══ Data for review

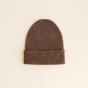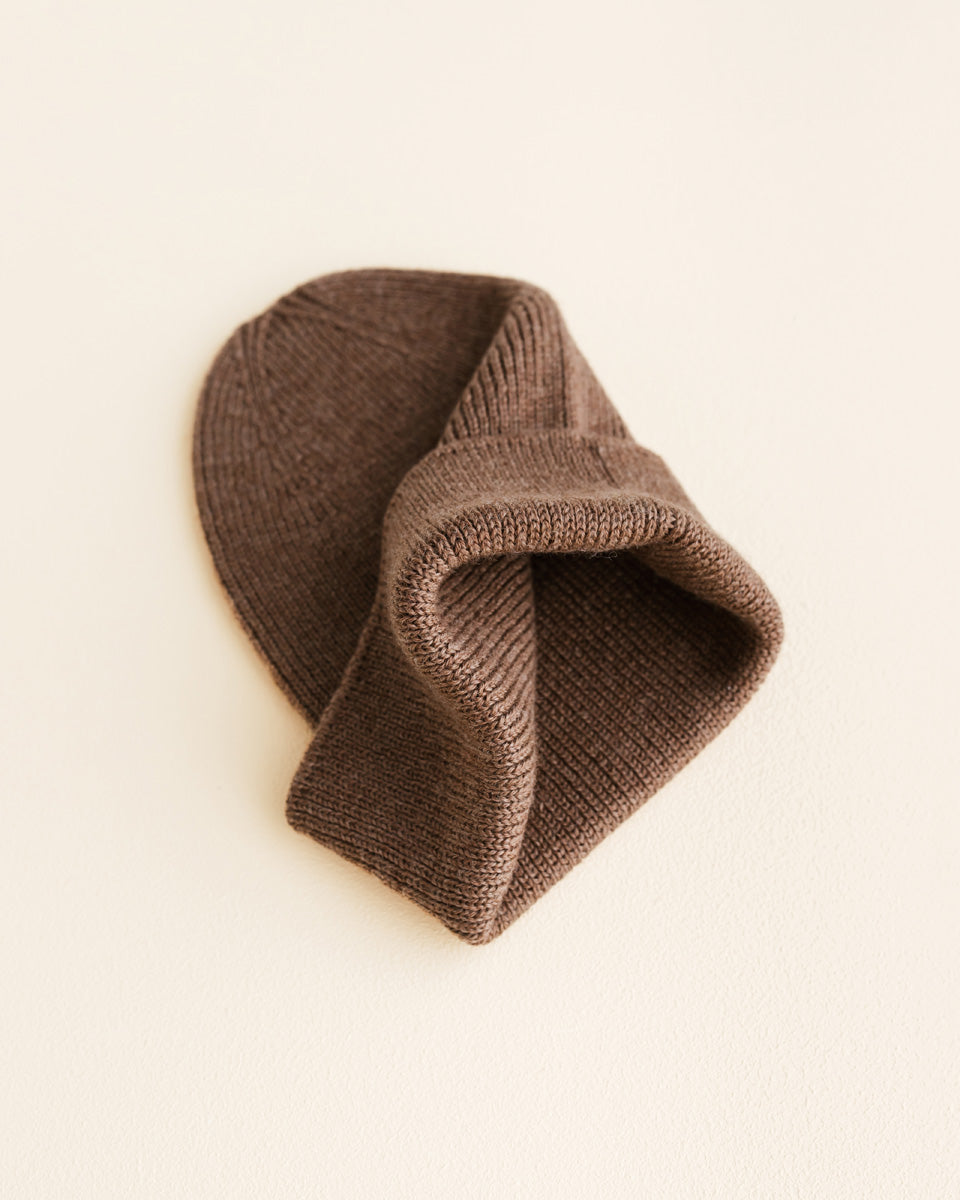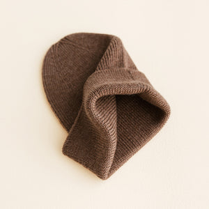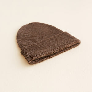 Wunderschöne handgestrickte und sehr weiche Strickmütze "Fonzie" von Hvid. Hergestellt aus feinster Merinowolle. Im Rippstrick gefertigt hat sie die perfekte Passform für das Neugeborene.
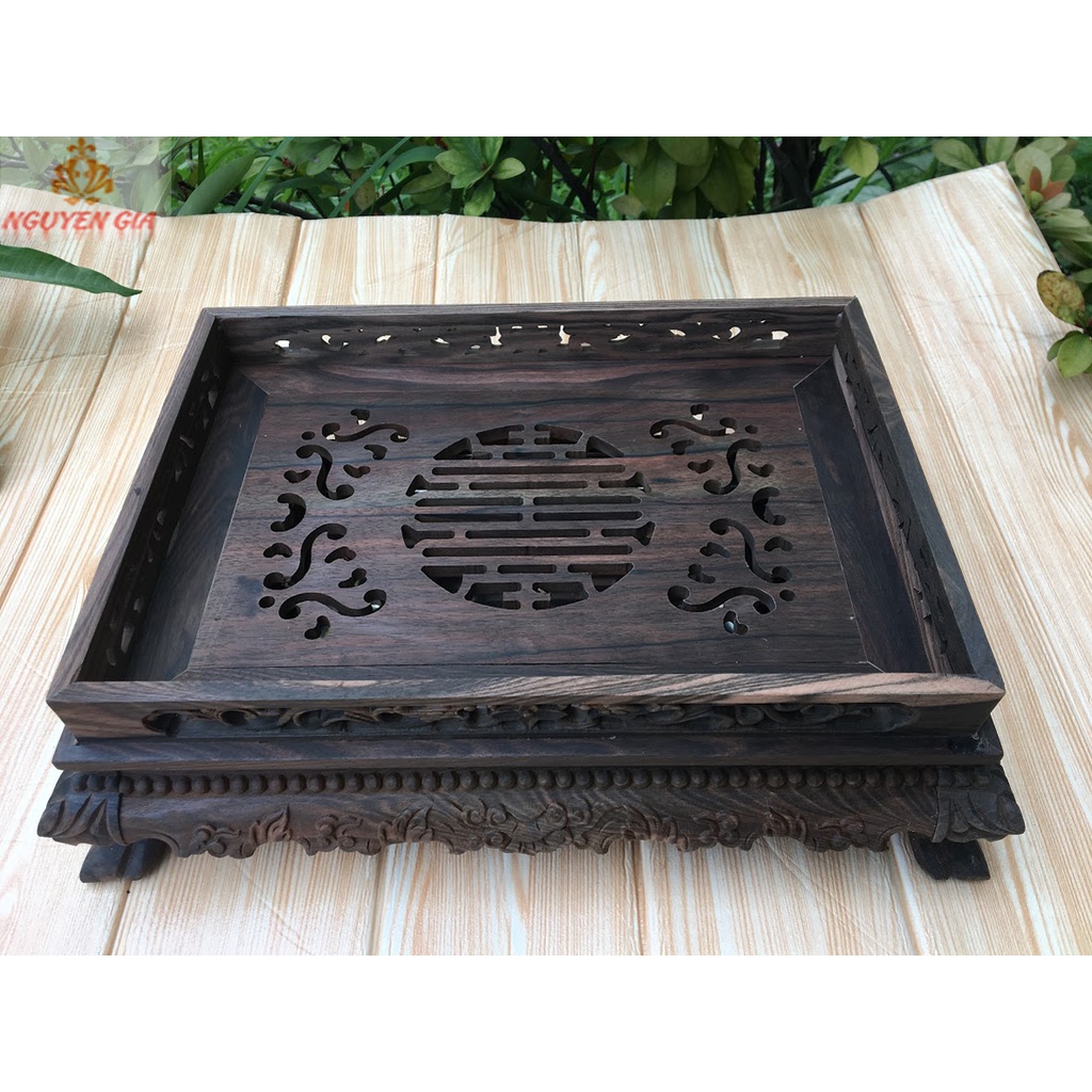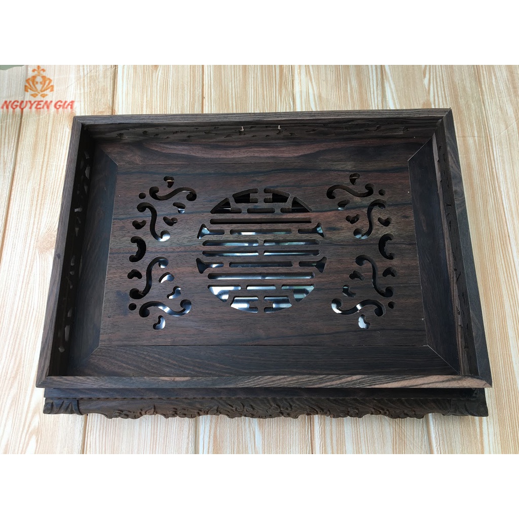 Nhà cửa & Đời sống > Bộ đồ bàn ăn > Khay, tấm lót bàn ăn || Khay trà gỗ Mun trạm Rồng (MỘC)Còn hàng
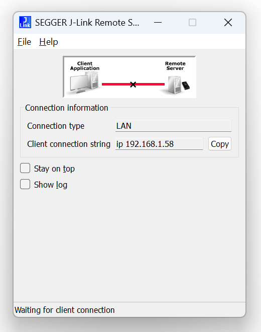 The Remote feature lets you connect to a J-Link device over IP. So I would have it plugged into my PC via USB and connect to it over IP. The Remote Server comes as part of the J-Link package, so I launched it from Windows 11.
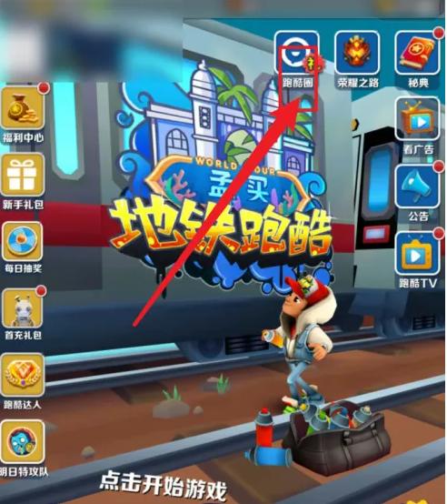 1、首先我们打开游戏,点击游戏主界面上面如图所示的跑酷圈。
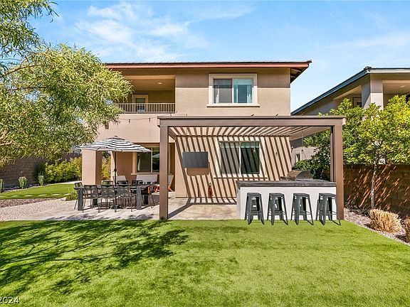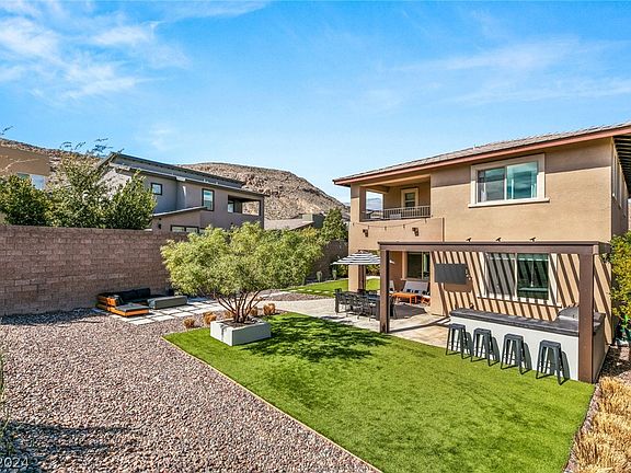 Nestled in Summerlin South's esteemed "Jade Ridge" community, this meticulously maintained two-story residence graces one of the neighborhood’s largest cul-de-sac lots. The expansive backyard presents an entertainer's paradise with a built-in BBQ, standing firepit, and ample lounge space. Endless opportunities await to craft your own oasis ideal for a pool. Inside, the sleek interior boasts an open and airy floor plan, highlighted by a gourmet kitchen featuring a large island, quartz countertops, and stainless-steel appliances. The primary suite offers a resort-style bathroom and a balcony overlooking picturesque mountain views. With three bedrooms, including a spacious loft, this home provides a flexible layout for customization. An upgraded 240-volt charger installed to accommodate any electric vehicle. Nearby trails, parks, and the newly developed Durango Resort, UnCommons, ensure convenient access to outdoor and urban amenities, embodying elegant living in Summerlin South.
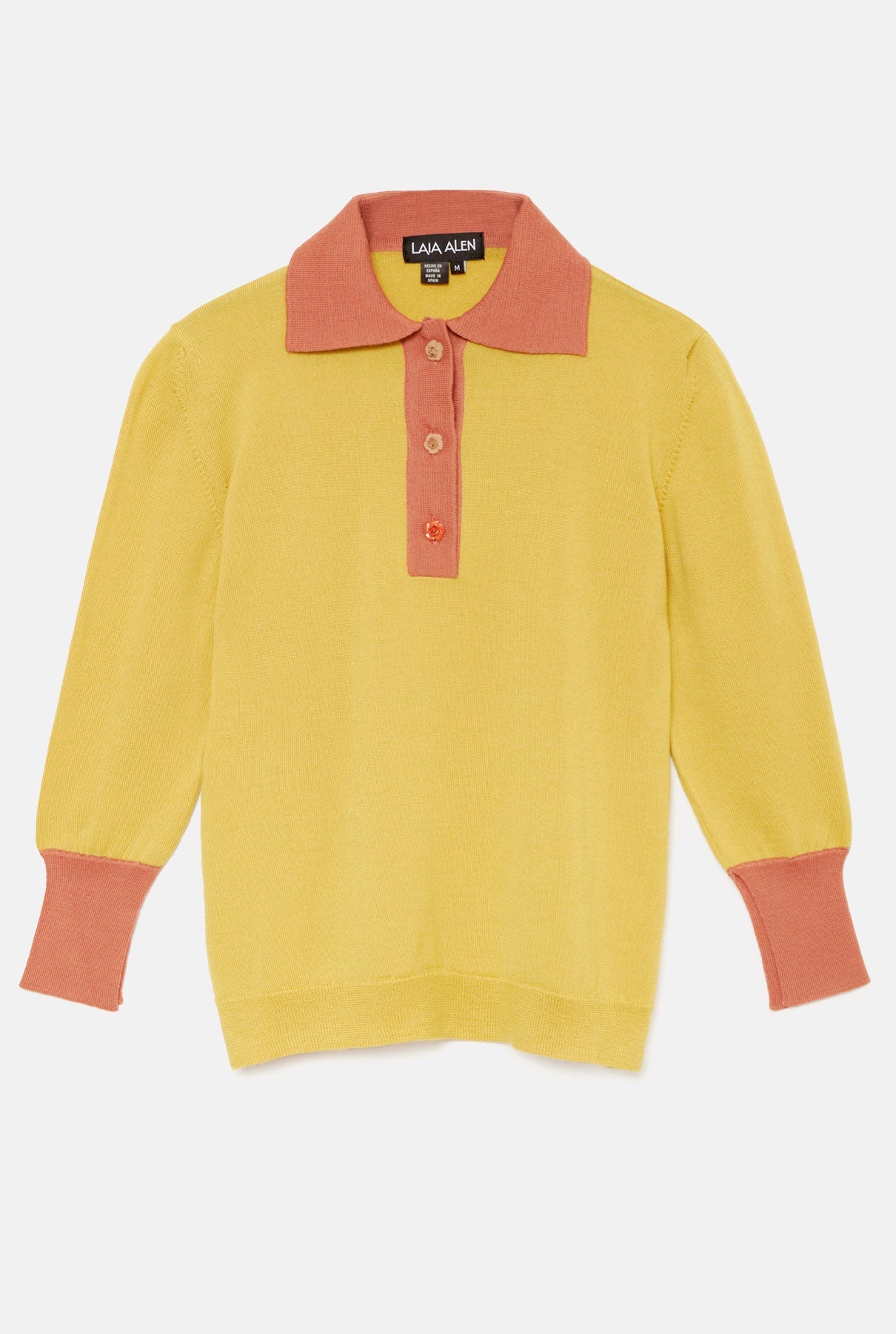 Este jersey está confeccionado en una mezcla de lana de alta calidad y cachemira que le confiere un tacto muy suave. Está confeccionado en España con cuello en contraste y botones adornados con flores que refuerzan el gusto de la marca por los detalles. Las mangas tienen un largo de ¾. Diseñado por Laia Alen
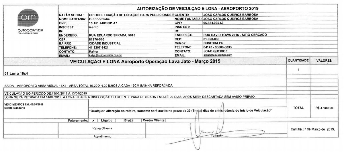 O procurador Diogo Castor de Mattos pagou pelo outodoor em homenagem à Lava Jato, exibido em Curitiba (PR), e a empresa Outdoormídia, responsável pela peça publicitária, recebeu pelo serviço.
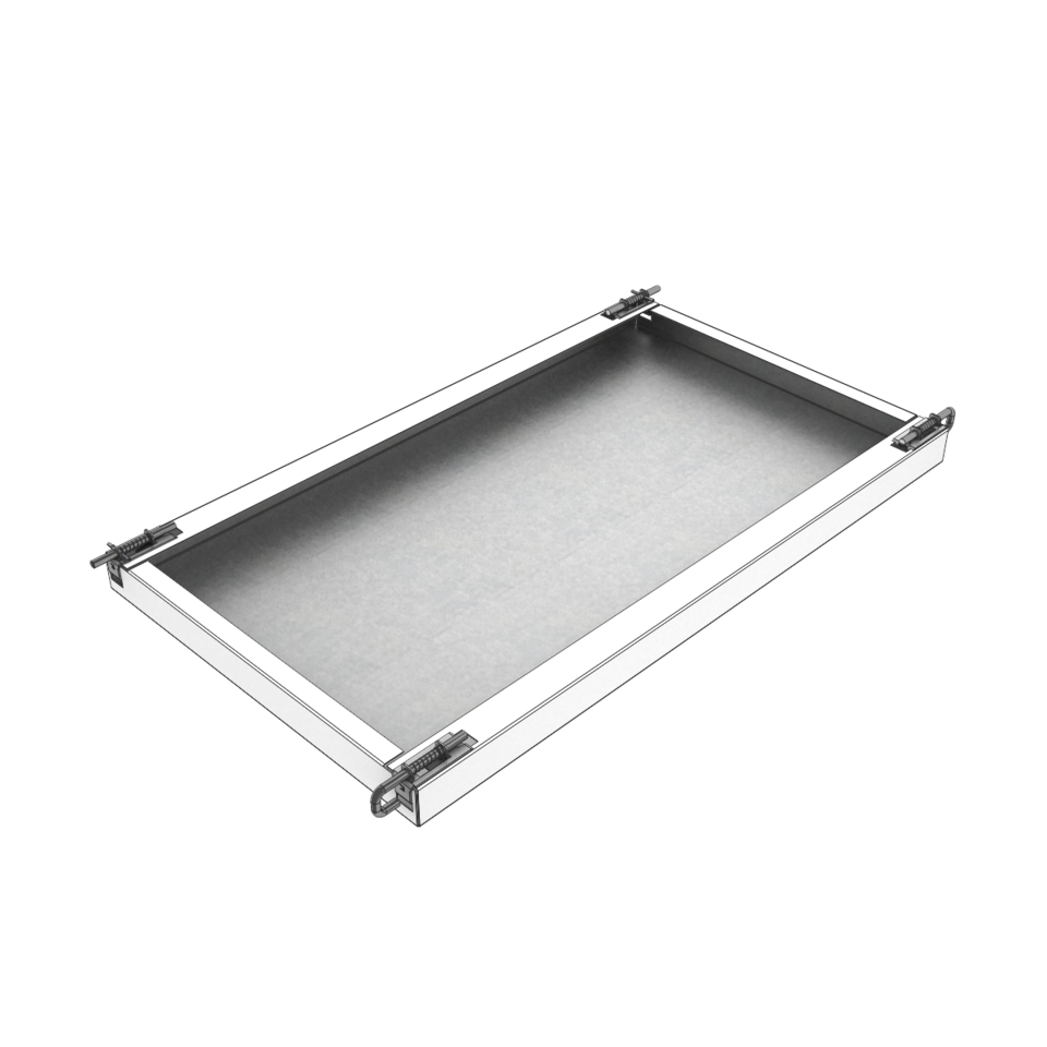The freely spanned corridor ceiling LMD-E 321 has an appealing look due to continuous wall profiles. A compensation of tolerances on the wall is possible thanks to an adjustable wall connection. By means of an operating tool, each ceiling panel can individually be swung down and slid on the longitudinal or short side.

════

Problem requirements: Every entry above, pictures excluded, needs to be duplicated exactly.

Task solution:
 Wunderschöne handgestrickte und sehr weiche Strickmütze "Fonzie" von Hvid. Hergestellt aus feinster Merinowolle. Im Rippstrick gefertigt hat sie die perfekte Passform für das Neugeborene.
 Nhà cửa & Đời sống > Bộ đồ bàn ăn > Khay, tấm lót bàn ăn || Khay trà gỗ Mun trạm Rồng (MỘC)Còn hàng
 The Remote feature lets you connect to a J-Link device over IP. So I would have it plugged into my PC via USB and connect to it over IP. The Remote Server comes as part of the J-Link package, so I launched it from Windows 11.
 1、首先我们打开游戏,点击游戏主界面上面如图所示的跑酷圈。
 Nestled in Summerlin South's esteemed "Jade Ridge" community, this meticulously maintained two-story residence graces one of the neighborhood’s largest cul-de-sac lots. The expansive backyard presents an entertainer's paradise with a built-in BBQ, standing firepit, and ample lounge space. Endless opportunities await to craft your own oasis ideal for a pool. Inside, the sleek interior boasts an open and airy floor plan, highlighted by a gourmet kitchen featuring a large island, quartz countertops, and stainless-steel appliances. The primary suite offers a resort-style bathroom and a balcony overlooking picturesque mountain views. With three bedrooms, including a spacious loft, this home provides a flexible layout for customization. An upgraded 240-volt charger installed to accommodate any electric vehicle. Nearby trails, parks, and the newly developed Durango Resort, UnCommons, ensure convenient access to outdoor and urban amenities, embodying elegant living in Summerlin South.
 Este jersey está confeccionado en una mezcla de lana de alta calidad y cachemira que le confiere un tacto muy suave. Está confeccionado en España con cuello en contraste y botones adornados con flores que refuerzan el gusto de la marca por los detalles. Las mangas tienen un largo de ¾. Diseñado por Laia Alen
 O procurador Diogo Castor de Mattos pagou pelo outodoor em homenagem à Lava Jato, exibido em Curitiba (PR), e a empresa Outdoormídia, responsável pela peça publicitária, recebeu pelo serviço.
The freely spanned corridor ceiling LMD-E 321 has an appealing look due to continuous wall profiles. A compensation of tolerances on the wall is possible thanks to an adjustable wall connection. By means of an operating tool, each ceiling panel can individually be swung down and slid on the longitudinal or short side.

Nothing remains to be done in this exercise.